- _WORK INSTRUCTIONS_: Drop the pictures and repeat the remaining data exactly.

◆ ◆ ◆ ◆ ◆

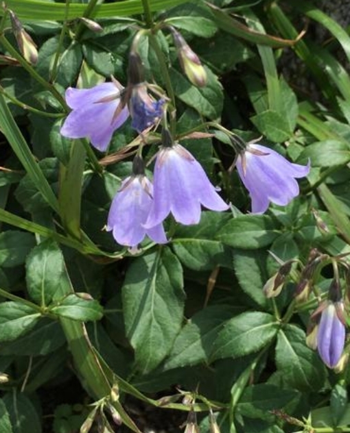 도라지과의 여러해살이풀. 줄기는 보통 외대로 곧추 자라며 높이 30cm정도이다. 줄기잎은 어기여 나거나 드물게는 3~4개씩 돌려 붙는다. 잎몸은 버들잎모양이거나 량끝이 좁은 길둥근모양이고 변두리에 고르롭지 못한 톱이가 있으며 잎줄우에만 털이 성글게 있다. 7~8월경 줄기끝에 푸른빛보라색을 띤 몇개의 종모양꽃이 고깔모양꽃차례를 이루고 드리워 핀다. 꽃받침쪽은 5개인데 꽃 필 때 옆으로 퍼진다. 수꽃술은 5개이고 변두리에 털이 있으며 암꽃술은 한개이다. 열매는 튀는열매이며 9월에 여문다.
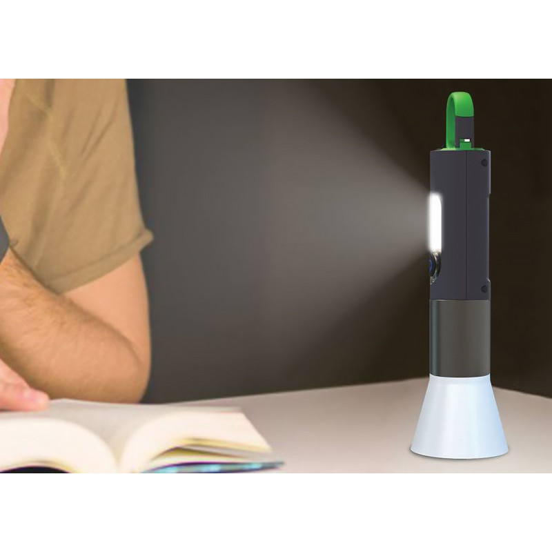 ALU ručná baterka so stolovou základňou 3 v 1 ‒ 5 prevádzkových režimov • dosvit až 500 m • 1x LED COB 10W 1000 lm +7x LED • ZOOM • batéria 1200 mAh • nabíjanie cez USB-C • ochrana IP54 • závesná karabína
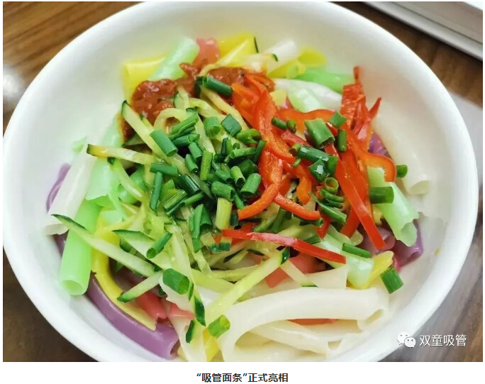 看!當(dāng)吸管妹妹端出了一碗“面條”時(shí),小記者們一涌而上,紛紛問(wèn)道:“這就是可以吃的吸管嗎?”,“我們可以試吃嗎”,“好想嘗嘗是什么味道的呀”......
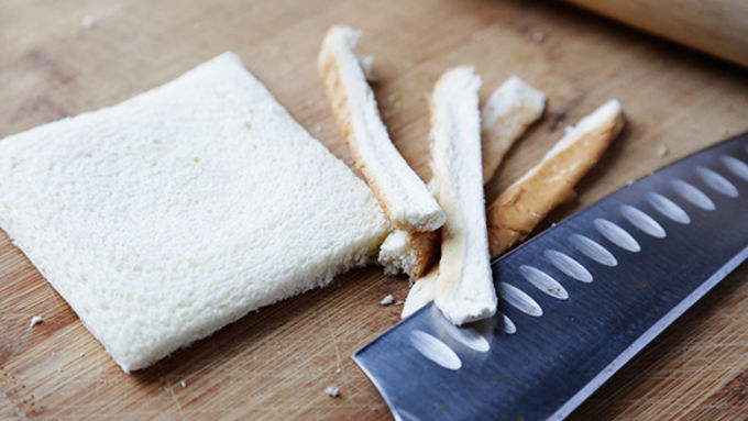 Step1Lay out pieces of sandwich bread on a flat surface. Use a rolling pin to flatten. Then, if desired, use a knife to cut the crusts off of each piece of flattened bread.
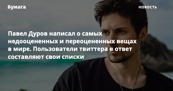 Павел Дуров назвал топ самых переоценённых и недооценённых вещей.
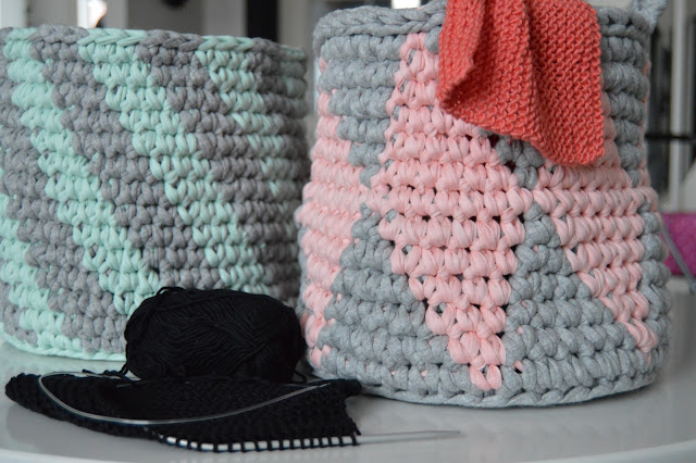 Oon mä kuitenkin jotain saanu aikaiseksi. Virkkasin parit korit ja tiskirätit hyppäs myös puikoille. Oli pakko, eihän sitä nyt uuteen kotiin voi vanhoilla räteillä mennä :) Näitä on hyvä väsätä kun liinamatkustajaa nukuttaa... Lisämaustetta arjen pyörittämiseen tuo tuo katala ja kaikkialla riehuva flunssa, joka nyt on vauvan kiusana.
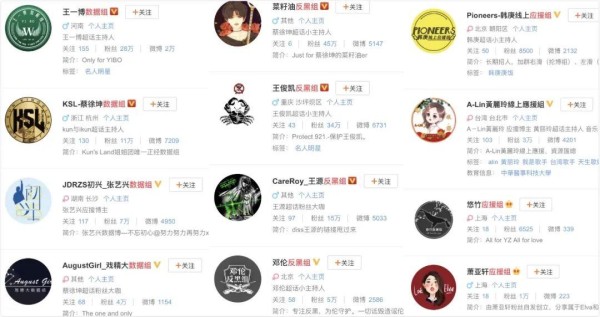 微博输入关键词数据组、反黑组、应援组后出现的信息页↑
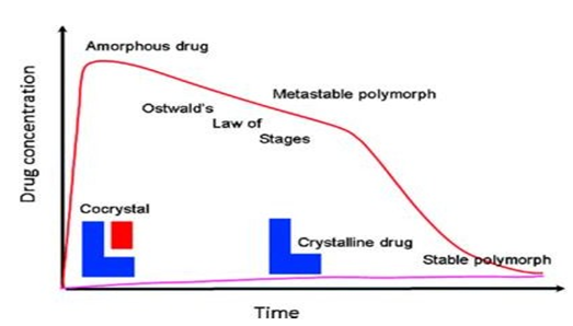 A theoretical process for deciphering supersaturated drug delivery systems the "spring and parachute" is a concept that is depicted in Pharmaceutics 2018, 10, 18, 12, 30. Similar to the drug's amorphous form, this abrupt occurrence may result in supra molecular aggregates or clusters of randomly orientated molecules lacking a high-level organization and periodic arrangement (spring effect) (6). The parachute effect, or maintenance of high solubility, can persist for a long period of time (120–300 min), because the transitions of these amorphous sums to stable crystalline phases and crystal development is expected to be a slow process that is prevented by polymers and excipients that are present in the stomach along with the drug. This high-energy amorphous phase is expected to fall into a meta-stable polymorphic form of the drug (of higher solubility), and eventually into a stable thermodynamic crystal form following Ostwald’s step rule, but until then, much of the drug will have been absorbed. The solubility of the co crystals has been reported in a variety of media (water, 0.1 N HCL, phosphate buffer, etc. Bio relevant dissolve media, such as simulated gastric fluids (SGF) or intestinal fluids (SIF), are also utilized in solubility tests. Particle size may have an impact on dissolution.

◆ ◆ ◆ ◆ ◆

- _WRITTEN ANSWER_:
 도라지과의 여러해살이풀. 줄기는 보통 외대로 곧추 자라며 높이 30cm정도이다. 줄기잎은 어기여 나거나 드물게는 3~4개씩 돌려 붙는다. 잎몸은 버들잎모양이거나 량끝이 좁은 길둥근모양이고 변두리에 고르롭지 못한 톱이가 있으며 잎줄우에만 털이 성글게 있다. 7~8월경 줄기끝에 푸른빛보라색을 띤 몇개의 종모양꽃이 고깔모양꽃차례를 이루고 드리워 핀다. 꽃받침쪽은 5개인데 꽃 필 때 옆으로 퍼진다. 수꽃술은 5개이고 변두리에 털이 있으며 암꽃술은 한개이다. 열매는 튀는열매이며 9월에 여문다.
 ALU ručná baterka so stolovou základňou 3 v 1 ‒ 5 prevádzkových režimov • dosvit až 500 m • 1x LED COB 10W 1000 lm +7x LED • ZOOM • batéria 1200 mAh • nabíjanie cez USB-C • ochrana IP54 • závesná karabína
 看!當(dāng)吸管妹妹端出了一碗“面條”時(shí),小記者們一涌而上,紛紛問(wèn)道:“這就是可以吃的吸管嗎?”,“我們可以試吃嗎”,“好想嘗嘗是什么味道的呀”......
 Step1Lay out pieces of sandwich bread on a flat surface. Use a rolling pin to flatten. Then, if desired, use a knife to cut the crusts off of each piece of flattened bread.
 Павел Дуров назвал топ самых переоценённых и недооценённых вещей.
 Oon mä kuitenkin jotain saanu aikaiseksi. Virkkasin parit korit ja tiskirätit hyppäs myös puikoille. Oli pakko, eihän sitä nyt uuteen kotiin voi vanhoilla räteillä mennä :) Näitä on hyvä väsätä kun liinamatkustajaa nukuttaa... Lisämaustetta arjen pyörittämiseen tuo tuo katala ja kaikkialla riehuva flunssa, joka nyt on vauvan kiusana.
 微博输入关键词数据组、反黑组、应援组后出现的信息页↑
 A theoretical process for deciphering supersaturated drug delivery systems the "spring and parachute" is a concept that is depicted in Pharmaceutics 2018, 10, 18, 12, 30. Similar to the drug's amorphous form, this abrupt occurrence may result in supra molecular aggregates or clusters of randomly orientated molecules lacking a high-level organization and periodic arrangement (spring effect) (6). The parachute effect, or maintenance of high solubility, can persist for a long period of time (120–300 min), because the transitions of these amorphous sums to stable crystalline phases and crystal development is expected to be a slow process that is prevented by polymers and excipients that are present in the stomach along with the drug. This high-energy amorphous phase is expected to fall into a meta-stable polymorphic form of the drug (of higher solubility), and eventually into a stable thermodynamic crystal form following Ostwald’s step rule, but until then, much of the drug will have been absorbed. The solubility of the co crystals has been reported in a variety of media (water, 0.1 N HCL, phosphate buffer, etc. Bio relevant dissolve media, such as simulated gastric fluids (SGF) or intestinal fluids (SIF), are also utilized in solubility tests. Particle size may have an impact on dissolution.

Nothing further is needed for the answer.